Это твой ребенок, и поэтому я должна его чтить, полностью подчинив свое тело его благополучию, и гнать от себя мысль о смерти — мысль, во многом тоже продиктованную гордостью и высокомерием. И вот потому, что ты любил меня когда-то, и потому, что ребенок этот — твой, я умоляю принять меня обратно, позволить мне к тебе вернуться. Если ты пришлешь мне телеграмму в одно только слово, я примчусь к тебе так быстро, как только окажется возможным. Клянусь тебе быть покорной женой и служить тебе верой и правдой. Потому что сейчас я могу только ненавидеть себя и собственные надуманные глупости. Я люблю тебя, люблю таким, какой ты есть — естественный, до мозга костей порядочный, я же по сравнению с тобой — надуманная и фальшивая. Если только ты будешь рядом, у меня не будет иных желаний, как только покоиться в твоих объятиях, в надежном убежище твоей любви до самого конца отпущенных мне дней…»

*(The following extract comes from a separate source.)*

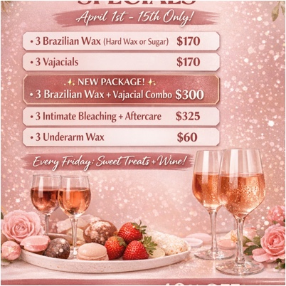 • 3 Brazilian Wax (Hard Wax or Sugar) – $170
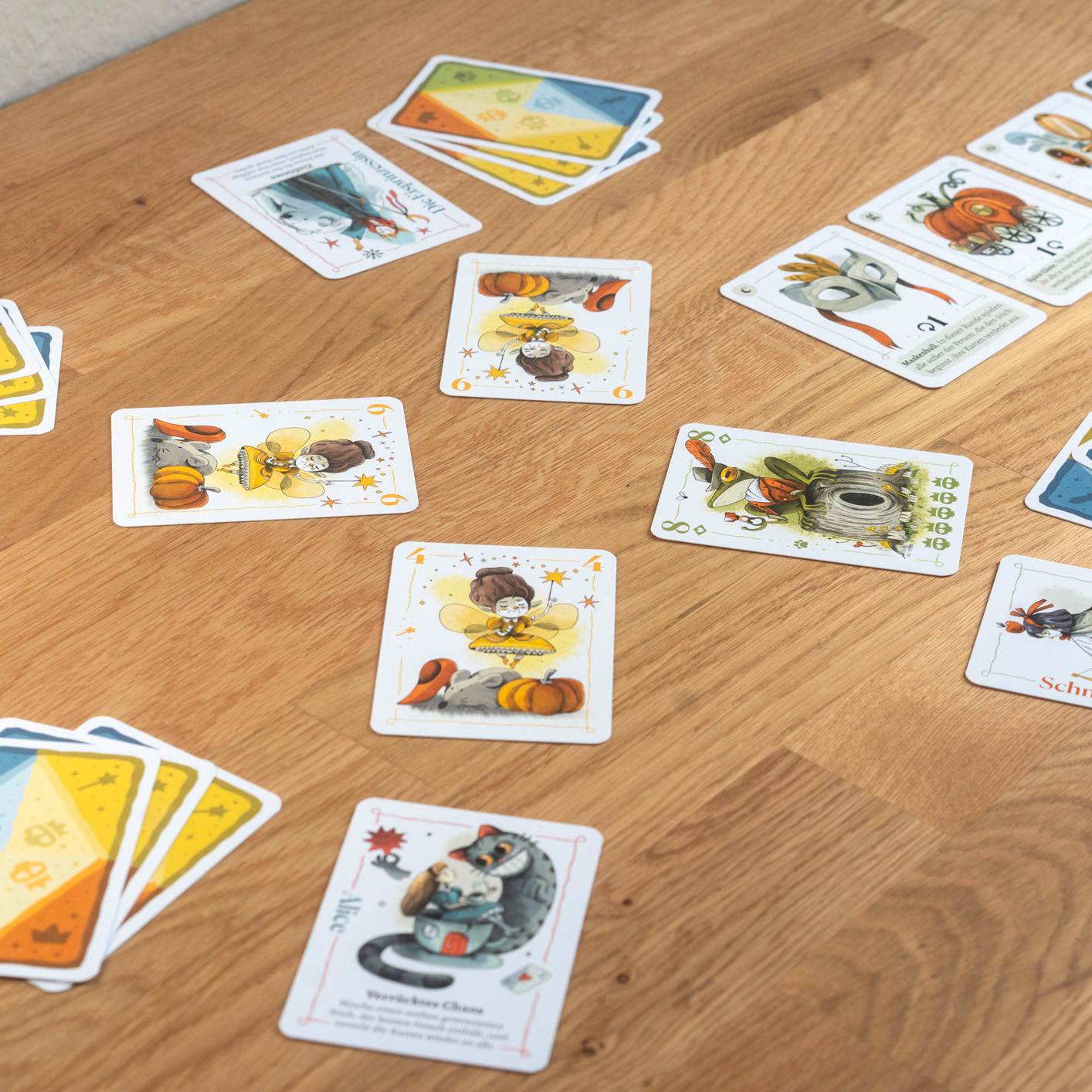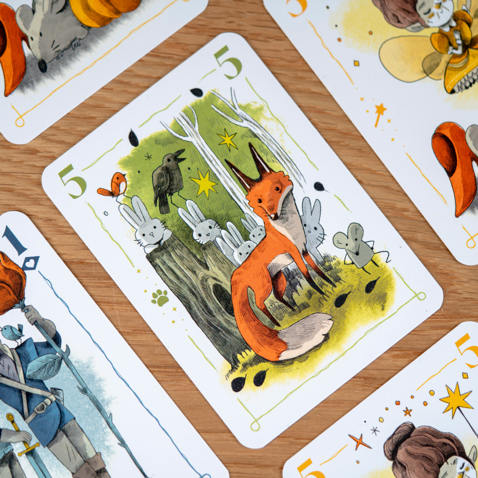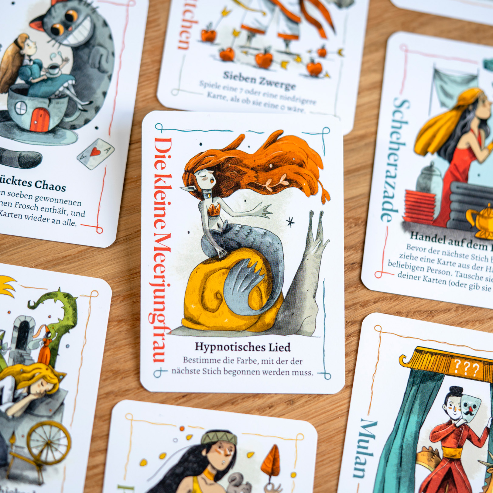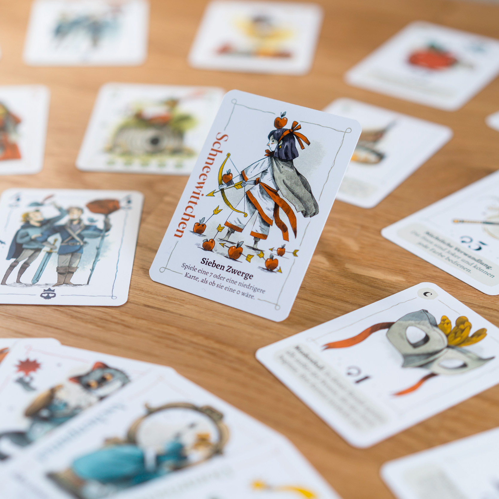 Rebel Princess ist in 5 Runden unterteilt, und in jeder Runde gibt es eine neue Regel, die jedes Spiel anders macht. Das Spielprinzip ähnelt dem eines Stichspiels, bei dem jede Person in jedem Stich eine Zahl ausspielt, die einer der 4 Farben (Feen, Königinnen, Tiere und Prinzen) entspricht. Die Person mit der höchsten Zahl in der Farbe, die den Stich begonnen hat, sammelt alle Karten des Stichs ein. Aber Vorsicht! Ihr müsst vermeiden, Karten mit Prinzen zu sammeln, von denen jeder einen Heiratsantrag bringt, während der verzauberte Frosch sogar 5 Anträge bringt. Dabei verfügen die Märchenprinzessin über eine besondere Fähigkeit. Die Person mit den wenigsten Anträgen gewinnt das Spiel.

Это письмо и каждую его фразу она писала совершенно искренне, словно из самой глубины своего сердца. Она чувствовала, что сейчас, именно сейчас она добралась до этой глубины. Здесь она была и останется на веки вечные самой собой, истинной Урсулой Брэнгуэн. С этим, как с документом, удостоверяющим личность, она могла бы предстать перед Господом в Судный день.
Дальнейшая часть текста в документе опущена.